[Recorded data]
* * * * *

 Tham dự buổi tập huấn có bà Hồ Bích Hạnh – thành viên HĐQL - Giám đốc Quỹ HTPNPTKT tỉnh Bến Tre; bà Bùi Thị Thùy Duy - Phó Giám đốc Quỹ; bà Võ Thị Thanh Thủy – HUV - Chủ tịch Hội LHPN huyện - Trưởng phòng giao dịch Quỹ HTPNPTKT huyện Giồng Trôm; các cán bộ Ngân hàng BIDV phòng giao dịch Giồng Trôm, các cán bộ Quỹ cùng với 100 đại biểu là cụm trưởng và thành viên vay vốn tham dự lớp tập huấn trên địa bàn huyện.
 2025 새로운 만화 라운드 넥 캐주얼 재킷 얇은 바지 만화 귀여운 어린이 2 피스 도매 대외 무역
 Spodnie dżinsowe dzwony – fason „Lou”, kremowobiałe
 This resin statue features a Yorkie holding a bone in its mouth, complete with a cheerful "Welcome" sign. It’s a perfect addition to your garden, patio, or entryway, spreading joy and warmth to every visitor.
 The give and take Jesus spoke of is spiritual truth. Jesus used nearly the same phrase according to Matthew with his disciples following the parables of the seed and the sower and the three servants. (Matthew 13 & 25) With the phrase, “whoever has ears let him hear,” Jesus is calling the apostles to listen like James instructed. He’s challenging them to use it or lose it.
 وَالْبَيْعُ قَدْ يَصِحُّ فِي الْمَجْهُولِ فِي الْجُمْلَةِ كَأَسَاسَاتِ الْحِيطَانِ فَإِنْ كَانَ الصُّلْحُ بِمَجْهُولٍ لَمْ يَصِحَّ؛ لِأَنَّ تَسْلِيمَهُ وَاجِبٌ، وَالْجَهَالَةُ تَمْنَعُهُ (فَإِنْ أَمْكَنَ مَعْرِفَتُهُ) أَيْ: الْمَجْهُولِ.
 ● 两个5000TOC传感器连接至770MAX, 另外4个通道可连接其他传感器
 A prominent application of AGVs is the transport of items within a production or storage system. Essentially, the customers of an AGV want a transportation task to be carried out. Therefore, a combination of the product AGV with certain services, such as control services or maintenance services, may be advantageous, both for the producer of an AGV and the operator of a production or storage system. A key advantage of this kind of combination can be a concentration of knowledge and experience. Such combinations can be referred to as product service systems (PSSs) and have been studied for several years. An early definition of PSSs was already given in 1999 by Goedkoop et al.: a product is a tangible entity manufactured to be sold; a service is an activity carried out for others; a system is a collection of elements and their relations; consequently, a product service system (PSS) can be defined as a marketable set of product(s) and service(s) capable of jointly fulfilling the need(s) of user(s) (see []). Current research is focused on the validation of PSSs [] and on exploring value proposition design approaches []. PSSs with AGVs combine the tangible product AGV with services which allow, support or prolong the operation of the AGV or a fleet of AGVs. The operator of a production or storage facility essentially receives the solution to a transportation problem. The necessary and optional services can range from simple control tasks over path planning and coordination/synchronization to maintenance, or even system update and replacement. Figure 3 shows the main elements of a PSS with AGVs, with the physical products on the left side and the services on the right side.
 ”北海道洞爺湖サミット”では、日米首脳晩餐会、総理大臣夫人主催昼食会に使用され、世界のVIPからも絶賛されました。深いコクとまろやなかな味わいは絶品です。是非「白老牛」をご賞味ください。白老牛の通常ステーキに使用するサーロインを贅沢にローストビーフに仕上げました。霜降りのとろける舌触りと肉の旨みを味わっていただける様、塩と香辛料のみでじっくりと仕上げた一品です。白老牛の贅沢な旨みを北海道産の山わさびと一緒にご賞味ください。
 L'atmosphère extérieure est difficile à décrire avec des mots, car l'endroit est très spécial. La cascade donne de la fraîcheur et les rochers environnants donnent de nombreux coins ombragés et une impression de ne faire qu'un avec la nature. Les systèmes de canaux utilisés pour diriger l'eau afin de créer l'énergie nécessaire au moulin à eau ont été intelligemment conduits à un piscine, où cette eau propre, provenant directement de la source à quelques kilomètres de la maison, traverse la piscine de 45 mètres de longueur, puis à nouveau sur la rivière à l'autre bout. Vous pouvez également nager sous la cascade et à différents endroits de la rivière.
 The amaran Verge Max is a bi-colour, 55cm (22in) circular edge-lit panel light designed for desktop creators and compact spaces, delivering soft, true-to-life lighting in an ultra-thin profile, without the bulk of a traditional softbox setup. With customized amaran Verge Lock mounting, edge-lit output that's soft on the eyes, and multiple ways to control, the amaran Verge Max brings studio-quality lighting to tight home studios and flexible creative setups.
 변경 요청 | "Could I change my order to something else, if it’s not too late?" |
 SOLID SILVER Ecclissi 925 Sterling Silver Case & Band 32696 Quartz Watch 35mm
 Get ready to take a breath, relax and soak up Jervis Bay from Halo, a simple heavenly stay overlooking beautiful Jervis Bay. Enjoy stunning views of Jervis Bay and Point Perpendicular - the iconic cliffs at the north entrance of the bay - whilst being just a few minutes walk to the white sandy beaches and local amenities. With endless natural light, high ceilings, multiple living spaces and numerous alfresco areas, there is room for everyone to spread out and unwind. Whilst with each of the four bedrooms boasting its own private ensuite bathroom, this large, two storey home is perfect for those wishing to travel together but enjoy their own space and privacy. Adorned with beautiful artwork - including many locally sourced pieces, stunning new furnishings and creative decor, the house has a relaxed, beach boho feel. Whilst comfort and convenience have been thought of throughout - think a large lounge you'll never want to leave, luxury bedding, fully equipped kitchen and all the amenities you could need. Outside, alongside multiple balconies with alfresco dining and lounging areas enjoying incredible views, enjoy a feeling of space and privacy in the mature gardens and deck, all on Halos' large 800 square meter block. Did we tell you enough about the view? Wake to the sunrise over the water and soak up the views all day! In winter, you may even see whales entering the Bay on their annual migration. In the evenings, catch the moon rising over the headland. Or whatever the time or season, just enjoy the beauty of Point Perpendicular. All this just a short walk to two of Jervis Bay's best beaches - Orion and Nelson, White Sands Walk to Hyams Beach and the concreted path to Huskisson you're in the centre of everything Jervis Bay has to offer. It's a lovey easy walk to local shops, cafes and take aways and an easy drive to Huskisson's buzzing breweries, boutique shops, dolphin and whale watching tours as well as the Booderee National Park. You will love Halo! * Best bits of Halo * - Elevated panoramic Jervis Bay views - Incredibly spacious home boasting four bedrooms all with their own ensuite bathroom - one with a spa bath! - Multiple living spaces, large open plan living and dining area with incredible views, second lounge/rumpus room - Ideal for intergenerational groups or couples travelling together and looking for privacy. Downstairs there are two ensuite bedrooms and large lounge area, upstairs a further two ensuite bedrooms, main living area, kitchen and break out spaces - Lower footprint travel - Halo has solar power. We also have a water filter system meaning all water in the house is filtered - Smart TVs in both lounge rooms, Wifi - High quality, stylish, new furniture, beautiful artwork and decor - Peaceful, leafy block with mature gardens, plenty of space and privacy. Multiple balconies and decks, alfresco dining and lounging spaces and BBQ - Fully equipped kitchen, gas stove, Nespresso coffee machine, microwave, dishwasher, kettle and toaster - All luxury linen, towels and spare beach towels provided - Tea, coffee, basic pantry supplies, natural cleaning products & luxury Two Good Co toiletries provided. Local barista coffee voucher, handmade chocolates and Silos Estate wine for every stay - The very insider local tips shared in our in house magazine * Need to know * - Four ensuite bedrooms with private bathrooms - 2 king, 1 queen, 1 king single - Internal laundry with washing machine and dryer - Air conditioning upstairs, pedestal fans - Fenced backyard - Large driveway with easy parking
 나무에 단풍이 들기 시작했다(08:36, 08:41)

* * * * *

(What is required): Transcribe every record. Match each line exactly.

(Result for this exercise):
 Tham dự buổi tập huấn có bà Hồ Bích Hạnh – thành viên HĐQL - Giám đốc Quỹ HTPNPTKT tỉnh Bến Tre; bà Bùi Thị Thùy Duy - Phó Giám đốc Quỹ; bà Võ Thị Thanh Thủy – HUV - Chủ tịch Hội LHPN huyện - Trưởng phòng giao dịch Quỹ HTPNPTKT huyện Giồng Trôm; các cán bộ Ngân hàng BIDV phòng giao dịch Giồng Trôm, các cán bộ Quỹ cùng với 100 đại biểu là cụm trưởng và thành viên vay vốn tham dự lớp tập huấn trên địa bàn huyện.
 2025 새로운 만화 라운드 넥 캐주얼 재킷 얇은 바지 만화 귀여운 어린이 2 피스 도매 대외 무역
 Spodnie dżinsowe dzwony – fason „Lou”, kremowobiałe
 This resin statue features a Yorkie holding a bone in its mouth, complete with a cheerful "Welcome" sign. It’s a perfect addition to your garden, patio, or entryway, spreading joy and warmth to every visitor.
 The give and take Jesus spoke of is spiritual truth. Jesus used nearly the same phrase according to Matthew with his disciples following the parables of the seed and the sower and the three servants. (Matthew 13 & 25) With the phrase, “whoever has ears let him hear,” Jesus is calling the apostles to listen like James instructed. He’s challenging them to use it or lose it.
 وَالْبَيْعُ قَدْ يَصِحُّ فِي الْمَجْهُولِ فِي الْجُمْلَةِ كَأَسَاسَاتِ الْحِيطَانِ فَإِنْ كَانَ الصُّلْحُ بِمَجْهُولٍ لَمْ يَصِحَّ؛ لِأَنَّ تَسْلِيمَهُ وَاجِبٌ، وَالْجَهَالَةُ تَمْنَعُهُ (فَإِنْ أَمْكَنَ مَعْرِفَتُهُ) أَيْ: الْمَجْهُولِ.
 ● 两个5000TOC传感器连接至770MAX, 另外4个通道可连接其他传感器
 A prominent application of AGVs is the transport of items within a production or storage system. Essentially, the customers of an AGV want a transportation task to be carried out. Therefore, a combination of the product AGV with certain services, such as control services or maintenance services, may be advantageous, both for the producer of an AGV and the operator of a production or storage system. A key advantage of this kind of combination can be a concentration of knowledge and experience. Such combinations can be referred to as product service systems (PSSs) and have been studied for several years. An early definition of PSSs was already given in 1999 by Goedkoop et al.: a product is a tangible entity manufactured to be sold; a service is an activity carried out for others; a system is a collection of elements and their relations; consequently, a product service system (PSS) can be defined as a marketable set of product(s) and service(s) capable of jointly fulfilling the need(s) of user(s) (see []). Current research is focused on the validation of PSSs [] and on exploring value proposition design approaches []. PSSs with AGVs combine the tangible product AGV with services which allow, support or prolong the operation of the AGV or a fleet of AGVs. The operator of a production or storage facility essentially receives the solution to a transportation problem. The necessary and optional services can range from simple control tasks over path planning and coordination/synchronization to maintenance, or even system update and replacement. Figure 3 shows the main elements of a PSS with AGVs, with the physical products on the left side and the services on the right side.
 ”北海道洞爺湖サミット”では、日米首脳晩餐会、総理大臣夫人主催昼食会に使用され、世界のVIPからも絶賛されました。深いコクとまろやなかな味わいは絶品です。是非「白老牛」をご賞味ください。白老牛の通常ステーキに使用するサーロインを贅沢にローストビーフに仕上げました。霜降りのとろける舌触りと肉の旨みを味わっていただける様、塩と香辛料のみでじっくりと仕上げた一品です。白老牛の贅沢な旨みを北海道産の山わさびと一緒にご賞味ください。
 L'atmosphère extérieure est difficile à décrire avec des mots, car l'endroit est très spécial. La cascade donne de la fraîcheur et les rochers environnants donnent de nombreux coins ombragés et une impression de ne faire qu'un avec la nature. Les systèmes de canaux utilisés pour diriger l'eau afin de créer l'énergie nécessaire au moulin à eau ont été intelligemment conduits à un piscine, où cette eau propre, provenant directement de la source à quelques kilomètres de la maison, traverse la piscine de 45 mètres de longueur, puis à nouveau sur la rivière à l'autre bout. Vous pouvez également nager sous la cascade et à différents endroits de la rivière.
 The amaran Verge Max is a bi-colour, 55cm (22in) circular edge-lit panel light designed for desktop creators and compact spaces, delivering soft, true-to-life lighting in an ultra-thin profile, without the bulk of a traditional softbox setup. With customized amaran Verge Lock mounting, edge-lit output that's soft on the eyes, and multiple ways to control, the amaran Verge Max brings studio-quality lighting to tight home studios and flexible creative setups.
 변경 요청 | "Could I change my order to something else, if it’s not too late?" |
 SOLID SILVER Ecclissi 925 Sterling Silver Case & Band 32696 Quartz Watch 35mm
 Get ready to take a breath, relax and soak up Jervis Bay from Halo, a simple heavenly stay overlooking beautiful Jervis Bay. Enjoy stunning views of Jervis Bay and Point Perpendicular - the iconic cliffs at the north entrance of the bay - whilst being just a few minutes walk to the white sandy beaches and local amenities. With endless natural light, high ceilings, multiple living spaces and numerous alfresco areas, there is room for everyone to spread out and unwind. Whilst with each of the four bedrooms boasting its own private ensuite bathroom, this large, two storey home is perfect for those wishing to travel together but enjoy their own space and privacy. Adorned with beautiful artwork - including many locally sourced pieces, stunning new furnishings and creative decor, the house has a relaxed, beach boho feel. Whilst comfort and convenience have been thought of throughout - think a large lounge you'll never want to leave, luxury bedding, fully equipped kitchen and all the amenities you could need. Outside, alongside multiple balconies with alfresco dining and lounging areas enjoying incredible views, enjoy a feeling of space and privacy in the mature gardens and deck, all on Halos' large 800 square meter block. Did we tell you enough about the view? Wake to the sunrise over the water and soak up the views all day! In winter, you may even see whales entering the Bay on their annual migration. In the evenings, catch the moon rising over the headland. Or whatever the time or season, just enjoy the beauty of Point Perpendicular. All this just a short walk to two of Jervis Bay's best beaches - Orion and Nelson, White Sands Walk to Hyams Beach and the concreted path to Huskisson you're in the centre of everything Jervis Bay has to offer. It's a lovey easy walk to local shops, cafes and take aways and an easy drive to Huskisson's buzzing breweries, boutique shops, dolphin and whale watching tours as well as the Booderee National Park. You will love Halo! * Best bits of Halo * - Elevated panoramic Jervis Bay views - Incredibly spacious home boasting four bedrooms all with their own ensuite bathroom - one with a spa bath! - Multiple living spaces, large open plan living and dining area with incredible views, second lounge/rumpus room - Ideal for intergenerational groups or couples travelling together and looking for privacy. Downstairs there are two ensuite bedrooms and large lounge area, upstairs a further two ensuite bedrooms, main living area, kitchen and break out spaces - Lower footprint travel - Halo has solar power. We also have a water filter system meaning all water in the house is filtered - Smart TVs in both lounge rooms, Wifi - High quality, stylish, new furniture, beautiful artwork and decor - Peaceful, leafy block with mature gardens, plenty of space and privacy. Multiple balconies and decks, alfresco dining and lounging spaces and BBQ - Fully equipped kitchen, gas stove, Nespresso coffee machine, microwave, dishwasher, kettle and toaster - All luxury linen, towels and spare beach towels provided - Tea, coffee, basic pantry supplies, natural cleaning products & luxury Two Good Co toiletries provided. Local barista coffee voucher, handmade chocolates and Silos Estate wine for every stay - The very insider local tips shared in our in house magazine * Need to know * - Four ensuite bedrooms with private bathrooms - 2 king, 1 queen, 1 king single - Internal laundry with washing machine and dryer - Air conditioning upstairs, pedestal fans - Fenced backyard - Large driveway with easy parking
 나무에 단풍이 들기 시작했다(08:36, 08:41)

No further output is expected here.